Does anyone still collect vinyl records? I've recently begun after inheriting a box full of them from my wife's late father. There's a scant selection of used classical records at my local record store, and I've found it difficult to find anything reasonable on Amazon. Thus far I've only got a few classical works on vinyl: Mahler's 1st symphony, Tchaikovsky's 6th symphony, Scheherazade, Pictures at an Exhibition, Night on Bald Mountain, Rachmaninov's 2nd piano concerto and Rhapsody on a Theme of Paganini

I'd rather avoid trawling Discogs for used records from random people. If you collect vinyl, where do you find it?


----------



## mbhaub (Dec 2, 2016)

If you want vinyl, you're welcome to my remaining collection anytime! I sold a huge amount some 20 years ago, but kept about a 1000 of them. Some really good stuff, too.
Prokofieff Romeo and Juliet Maazel/London
Sibelius Symphonies Davis/Philips
Dvorak Symphonies Kubelik/DG
Tchaikovsky symphonies Rostropovich/EMI
Mahler symphonies Abaddo/DG
...

Come and get it! Free! They should all be in good shape; I always used high end Grado carts.


----------



## Kopachris (May 31, 2010)

That's a really tempting offer! It's kind of a long drive to Arizona, but would you be willing to send a few my way if I pay for shipping? I'm thinking like 10 records every two weeks until I have too many, to keep costs down.

Thank you for the offer!


----------



## MarkW (Feb 16, 2015)

I'm afraid I de-accessioned several thousand LPs a few years back to keep the house from exploding. Only kept 50-60 that had for me musical or sentimental value, that I didn't want to spend the money to duplicate digitally. Sorry. The ones mbhaub mentioned are really good.


----------



## SONNET CLV (May 31, 2014)

I remain a vinyl enthusiast.

I also remain, or so I'm often told by family members and friends, a dinosaur in other ways.

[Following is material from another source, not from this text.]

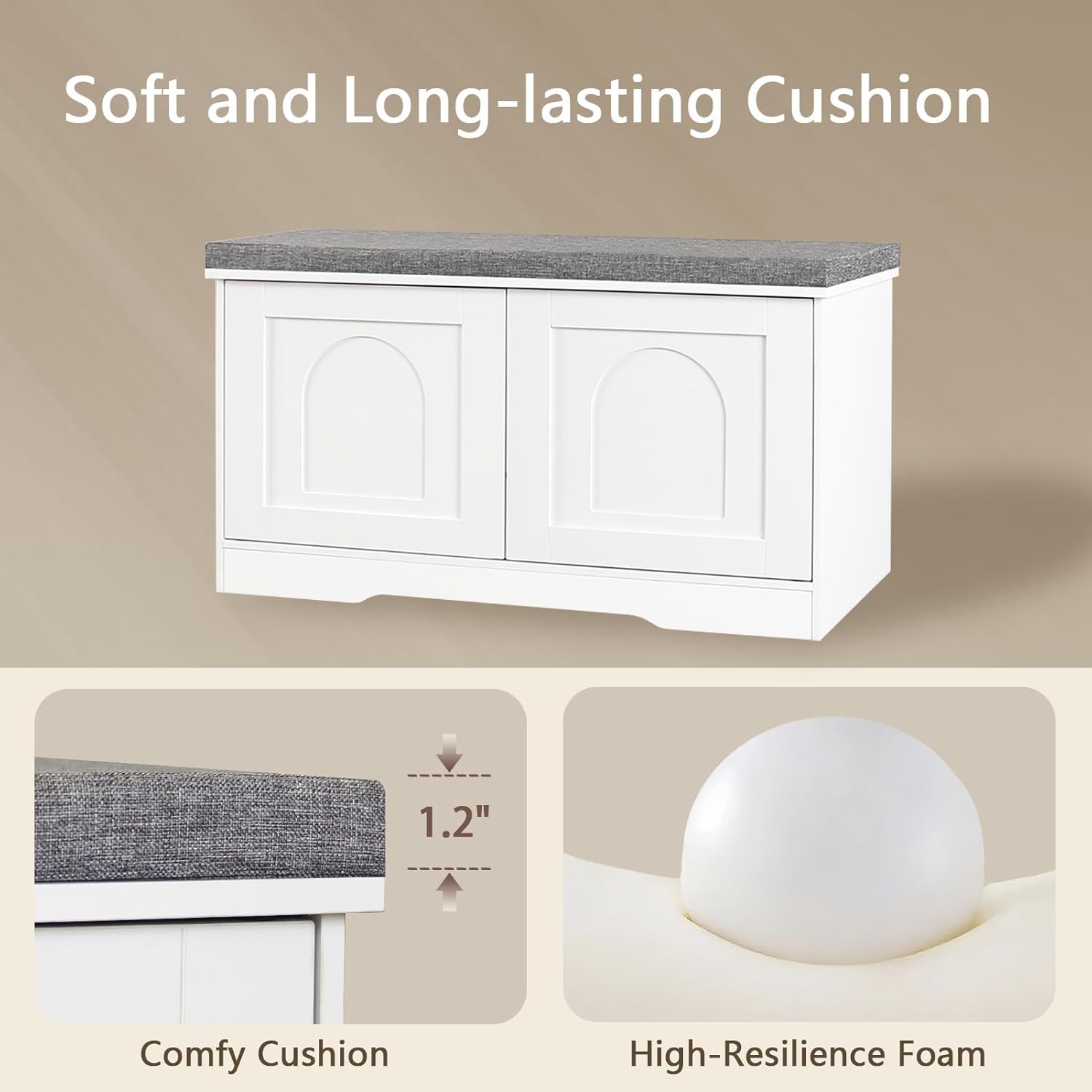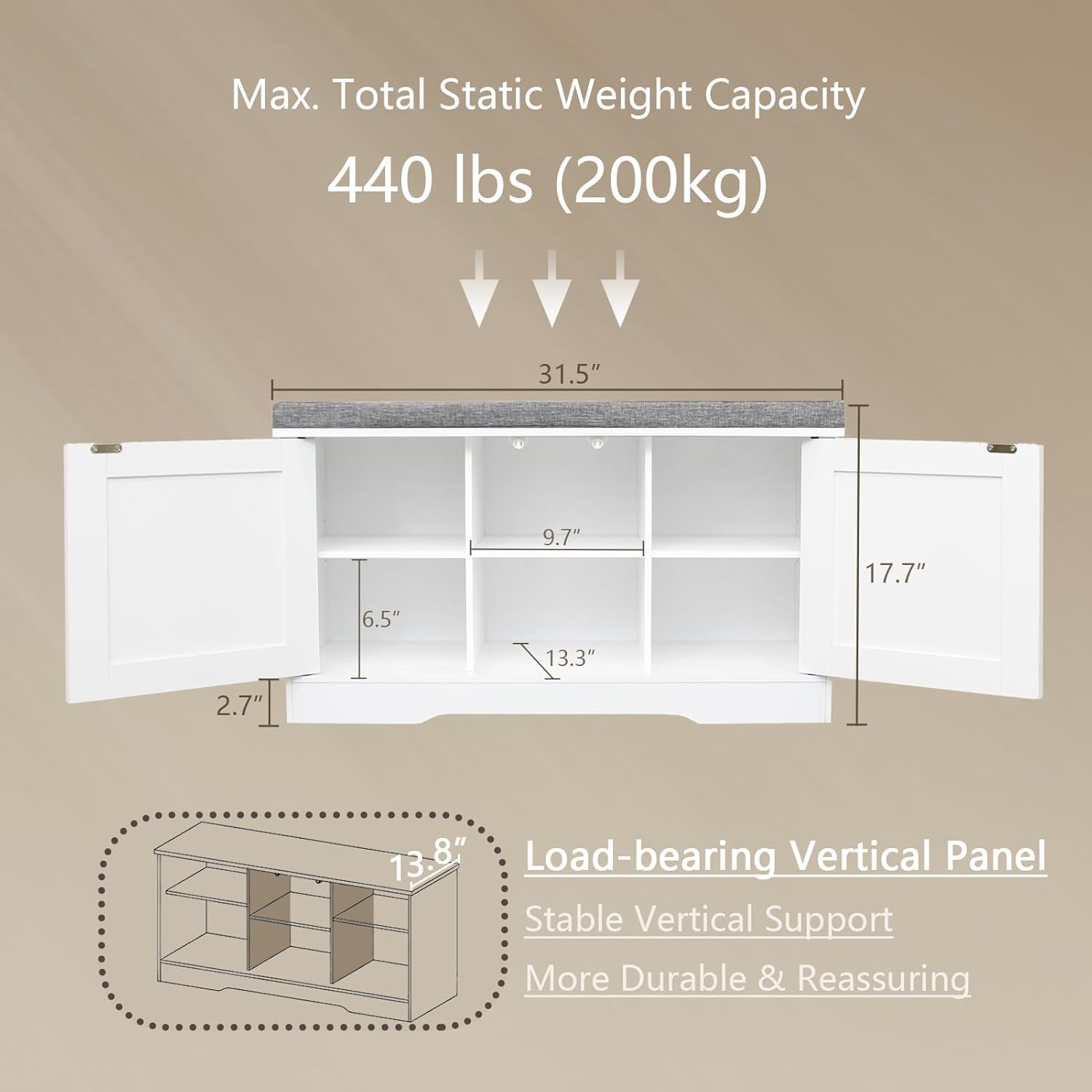 DINZI LVJ Shoe Bench, Entryway Storage Bench with Doors, Cushion, 2-Tier Shoe Rack with 6-Cubby, 31.5”L x 13.8”W Shoe Organizer Cabinet, Adjustable Shelf, Living Room, Bedroom, White

Still, that unique effect I call the "Wow" Factor has hit me only on occasions while listening to vinyl, never CDs. What I mean is that sense that the sound one is hearing from speakers in the listening room is actually the sound of a live instrument or ensemble directly in your presence. Sure, I have a fairly good stereo set-up and CDs come across with texture and body and a strong sense of instrumental timbre, depth and "realism", but the few times over the years when I have absolutely been _startled_ by a moment of sheer sound emanating from the speakers has come while the turntable was spinning a black vinyl disc. And those are moments to treasure!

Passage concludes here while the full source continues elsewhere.